Testing US Oil Export Ban Carries Risks
Companies eager to export U.S. oil face fines and other risks if they stray from government-approved practices, trade lawyers said this week, but the challenge is figuring out what the government allows because its rulings have so far been private.
As the drilling boom floods the Gulf Coast with light oil that local refineries cannot easily process, energy companies are under pressure to sell the petroleum to global markets, despite a 40-year ban on crude exports. A 20 percent drop in oil prices this fall has also made them anxious to find new buyers.
The Obama administration this summer put a hold on more than 20 new applications for exports of minimally processed light oil called condensate after issuing two approvals for the fuel. That has pushed companies to consider exporting condensate without specific governmental approval.
The Commerce Department's approvals to Pioneer Natural Resources Co and Enterprise Product Partners LP this year were issued as private letters, which makes it hard for other drillers to discern exactly what petroleum the government considers legal.
But the general parameters require oil producers to put the condensate through a distillation process for it to be considered a petroleum product like gasoline or heating oil. Products, unlike crude, are exempt from the ban that Congress passed after the Arab oil embargo of the 1970s.
"It's very unlikely that a company going to that kind of effort, actually having light condensate run through a distillation tower ... would be getting whacked with any major penalty," said Alan Dunn, a trade lawyer at Stewart and Stewart.
BHP Billiton Ltd said this week it had determined that its condensate meets the legal criteria for export as it is similar to the shipments the Commerce Department has approved. The Anglo-Australian mining company has contracted to a sell a cargo of the oil to Swiss trader Vitol.
Friendly Congress
U.S. midterm elections this week put Republicans in control of both houses of Congress, an outcome many expect to hasten measures that would relax or end the ban on exporting crude.

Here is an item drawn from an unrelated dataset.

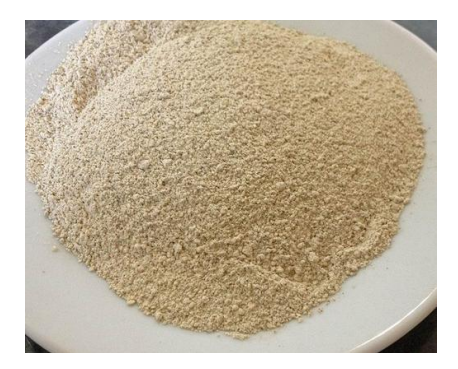
Fig. 3. Nanopowder made of Jerusalem artichoke by freeze-drying

Preparation of the samples. To study the influence of cryogenic treatment of raw material, low-temperature finely dispersed grinding and freeze drying, we performed preparation of the samples. They were ground into pieces with thickness of 0.5...1.0 cm and length of 4...5 cm, then put on trays for consequent freezing.

But nobody expects Congress to act soon. Condensate producers wishing to export now "must engage in strict due diligence to ensure compliance with rulings" by the Commerce Department, another lawyer said at an off-the-record workshop on condensates at the U.S. Energy Information Administration in September.
For example, if the feedstock is too heavy to be considered condensate, if the distillation process is too light, or if the finished condensate is not kept separately from other crudes before it reaches the shipping vessel, a company could face a civil fine from the Commerce Department.
A civil fine could be twice the amount of the transaction, Dunn said. It could be mitigated, and perhaps reduced to a warning letter, if the producer had gotten a legal opinion that it was not outside the boundaries of the export ban.
The fine also could hurt the company's reputation, as end buyers are wary of legal risks to suppliers.
A far worse legal problem would develop if a company strays from what the Commerce Department approved and mixes condensate derived from oil wells into similar petroleum that comes from natural gas fields, and tries to get away with it, Dunn said.
"That's a crime" that could also mean action by the Justice Department, jail time and million-dollar fines on top of the civil penalties, he added.
But as long as companies are trying to mirror what has been approved, they should be safe, said a Washington-based trade lawyer who requested anonymity due to the sensitive nature of oil exports.
"To the extent companies are shipping the exact same stuff that has been approved," the lawyer said, "... they would have a pretty strong legal argument that this is none of the Commerce Department's business."